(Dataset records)
* * *

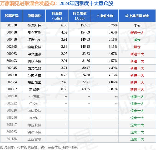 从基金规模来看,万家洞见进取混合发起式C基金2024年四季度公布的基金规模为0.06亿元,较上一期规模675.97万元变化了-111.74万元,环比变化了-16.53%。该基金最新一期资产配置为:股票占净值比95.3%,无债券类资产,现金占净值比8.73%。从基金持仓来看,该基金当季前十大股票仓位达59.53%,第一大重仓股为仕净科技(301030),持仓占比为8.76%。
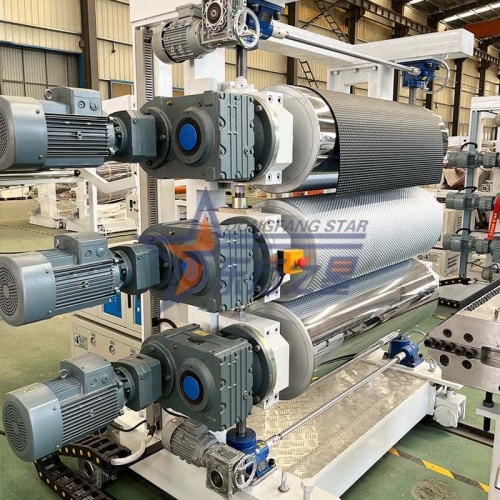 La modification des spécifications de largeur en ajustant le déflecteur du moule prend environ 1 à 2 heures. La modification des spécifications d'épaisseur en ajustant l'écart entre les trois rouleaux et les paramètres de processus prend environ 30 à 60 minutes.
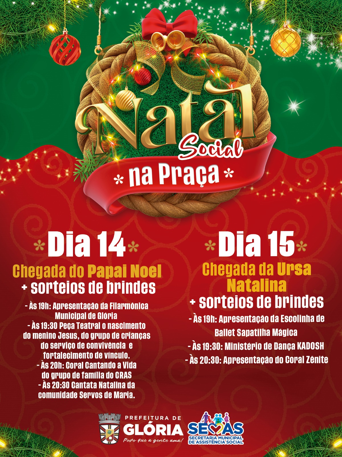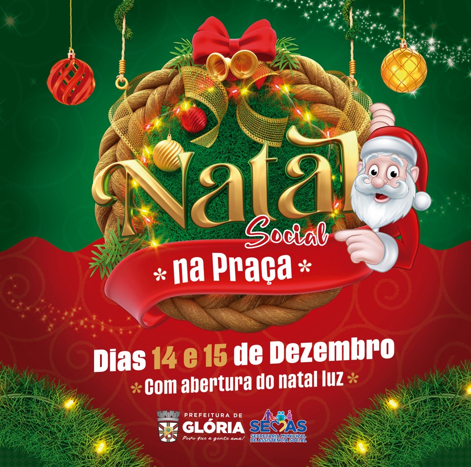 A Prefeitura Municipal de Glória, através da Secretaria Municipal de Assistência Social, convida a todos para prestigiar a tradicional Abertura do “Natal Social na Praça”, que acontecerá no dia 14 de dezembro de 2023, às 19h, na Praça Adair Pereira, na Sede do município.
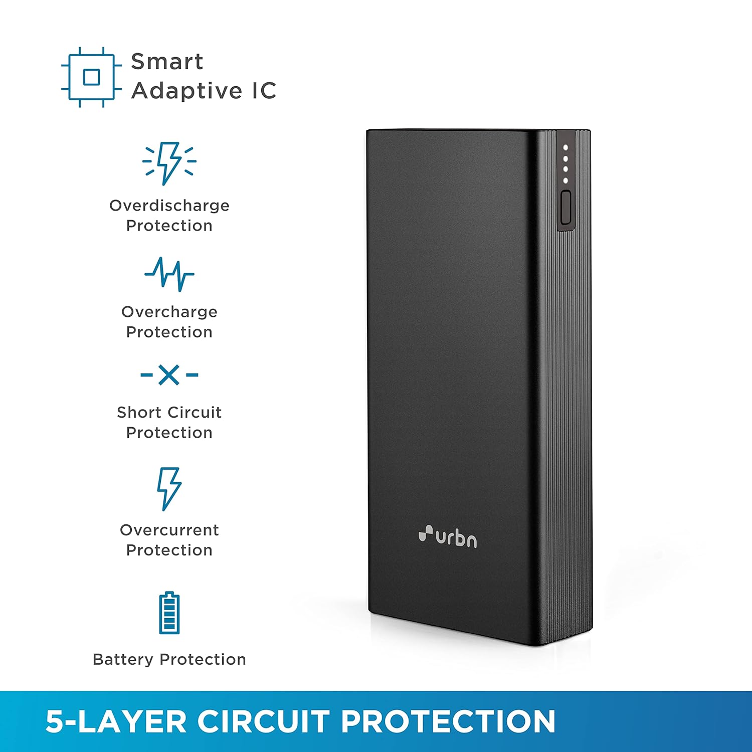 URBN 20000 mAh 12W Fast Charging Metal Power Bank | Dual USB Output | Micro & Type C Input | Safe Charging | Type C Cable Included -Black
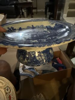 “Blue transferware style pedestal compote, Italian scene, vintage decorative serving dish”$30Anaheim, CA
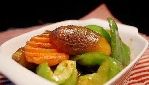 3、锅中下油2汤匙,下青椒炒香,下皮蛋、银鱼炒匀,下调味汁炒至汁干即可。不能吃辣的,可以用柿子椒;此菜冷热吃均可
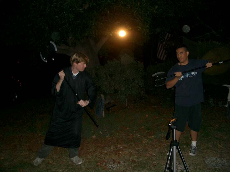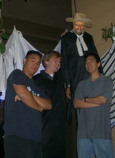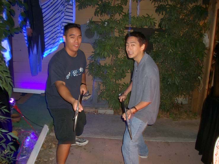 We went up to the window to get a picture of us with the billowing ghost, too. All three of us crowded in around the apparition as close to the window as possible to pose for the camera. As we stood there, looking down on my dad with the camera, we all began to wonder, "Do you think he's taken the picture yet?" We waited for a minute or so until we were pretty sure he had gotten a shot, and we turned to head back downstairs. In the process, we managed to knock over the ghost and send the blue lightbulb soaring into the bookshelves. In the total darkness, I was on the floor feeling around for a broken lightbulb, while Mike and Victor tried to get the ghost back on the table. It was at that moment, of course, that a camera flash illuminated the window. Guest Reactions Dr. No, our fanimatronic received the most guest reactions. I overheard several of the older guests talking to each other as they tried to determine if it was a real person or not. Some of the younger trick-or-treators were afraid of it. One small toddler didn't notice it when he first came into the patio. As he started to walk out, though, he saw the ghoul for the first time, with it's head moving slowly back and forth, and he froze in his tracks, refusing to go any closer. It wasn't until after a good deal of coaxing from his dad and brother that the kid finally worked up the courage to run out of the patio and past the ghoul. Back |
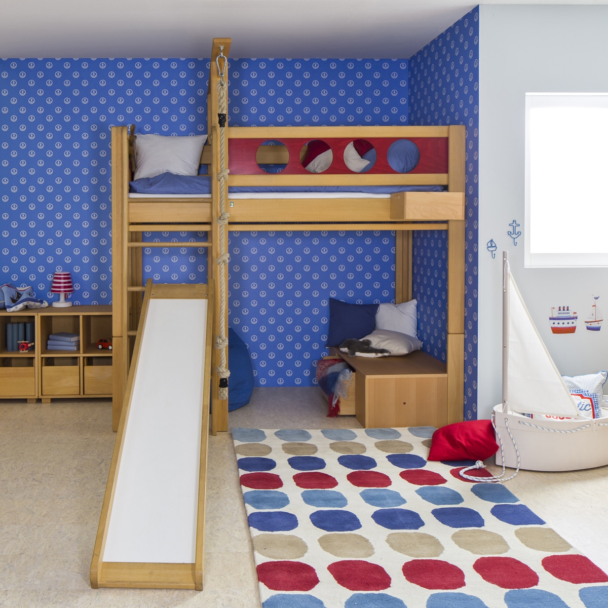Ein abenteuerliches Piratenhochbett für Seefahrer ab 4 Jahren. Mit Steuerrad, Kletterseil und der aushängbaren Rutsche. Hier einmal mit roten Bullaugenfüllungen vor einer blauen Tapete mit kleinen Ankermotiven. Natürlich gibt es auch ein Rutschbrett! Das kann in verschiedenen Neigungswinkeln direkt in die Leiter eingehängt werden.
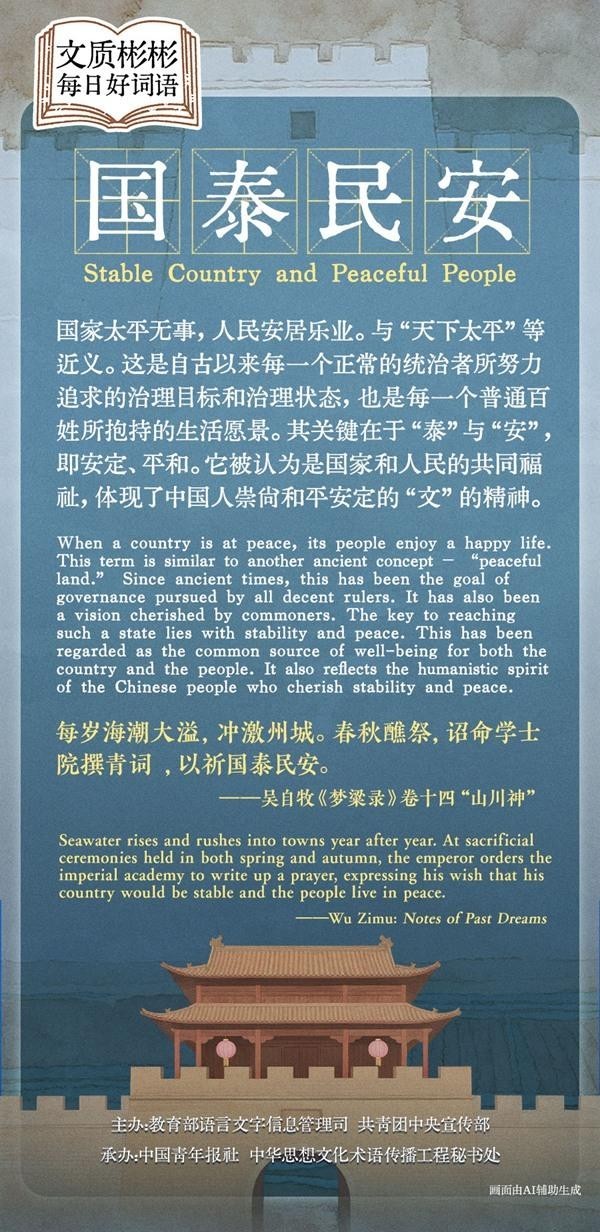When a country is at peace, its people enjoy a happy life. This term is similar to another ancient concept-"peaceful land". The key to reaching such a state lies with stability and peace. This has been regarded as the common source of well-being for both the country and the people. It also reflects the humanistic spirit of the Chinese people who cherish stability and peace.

* * *

= Task instructions =
Write out, word for word, the stretch of entries that begins at the line with "URBN 20000 mAh" and ends at the line with "3、锅中下油2汤匙,下青椒炒". Pictures do not belong in it.

= Task response =
 URBN 20000 mAh 12W Fast Charging Metal Power Bank | Dual USB Output | Micro & Type C Input | Safe Charging | Type C Cable Included -Black
 “Blue transferware style pedestal compote, Italian scene, vintage decorative serving dish”$30Anaheim, CA
 3、锅中下油2汤匙,下青椒炒香,下皮蛋、银鱼炒匀,下调味汁炒至汁干即可。不能吃辣的,可以用柿子椒;此菜冷热吃均可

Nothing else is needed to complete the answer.